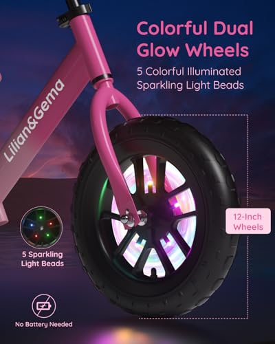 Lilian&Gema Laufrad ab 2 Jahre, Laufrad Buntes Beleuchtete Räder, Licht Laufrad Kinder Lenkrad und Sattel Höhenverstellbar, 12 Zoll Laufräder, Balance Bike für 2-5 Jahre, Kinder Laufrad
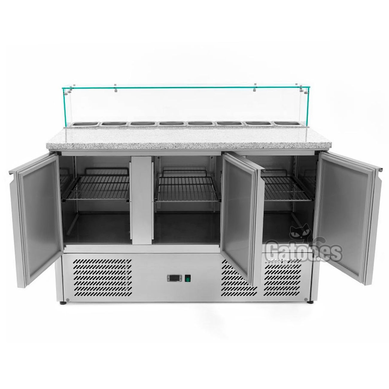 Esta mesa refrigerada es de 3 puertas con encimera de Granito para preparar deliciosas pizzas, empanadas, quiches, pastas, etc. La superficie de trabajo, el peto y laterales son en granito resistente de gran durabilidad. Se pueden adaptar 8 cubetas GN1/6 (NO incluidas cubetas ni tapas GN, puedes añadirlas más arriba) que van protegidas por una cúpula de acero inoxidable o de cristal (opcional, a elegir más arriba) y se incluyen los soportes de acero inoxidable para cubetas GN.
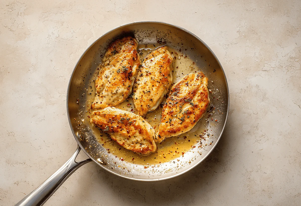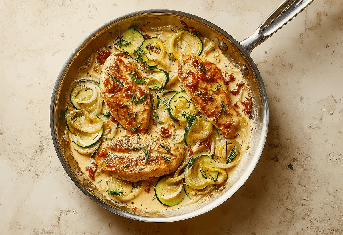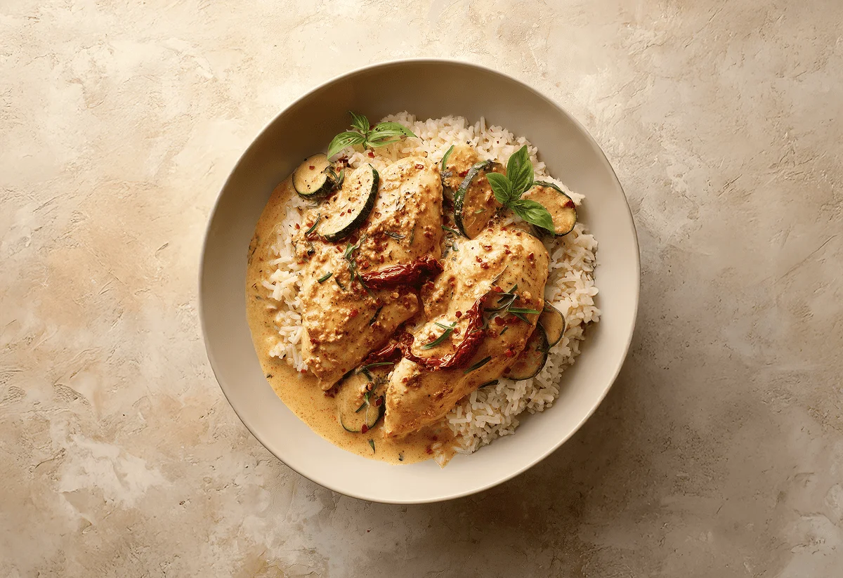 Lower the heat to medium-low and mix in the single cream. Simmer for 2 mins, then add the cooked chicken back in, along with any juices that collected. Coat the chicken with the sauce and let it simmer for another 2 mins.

Exercise objective: An exact repeat of all the data is required, pictures excluded.

Solution to this problem:
 Lilian&Gema Laufrad ab 2 Jahre, Laufrad Buntes Beleuchtete Räder, Licht Laufrad Kinder Lenkrad und Sattel Höhenverstellbar, 12 Zoll Laufräder, Balance Bike für 2-5 Jahre, Kinder Laufrad
 Esta mesa refrigerada es de 3 puertas con encimera de Granito para preparar deliciosas pizzas, empanadas, quiches, pastas, etc. La superficie de trabajo, el peto y laterales son en granito resistente de gran durabilidad. Se pueden adaptar 8 cubetas GN1/6 (NO incluidas cubetas ni tapas GN, puedes añadirlas más arriba) que van protegidas por una cúpula de acero inoxidable o de cristal (opcional, a elegir más arriba) y se incluyen los soportes de acero inoxidable para cubetas GN.
 Lower the heat to medium-low and mix in the single cream. Simmer for 2 mins, then add the cooked chicken back in, along with any juices that collected. Coat the chicken with the sauce and let it simmer for another 2 mins.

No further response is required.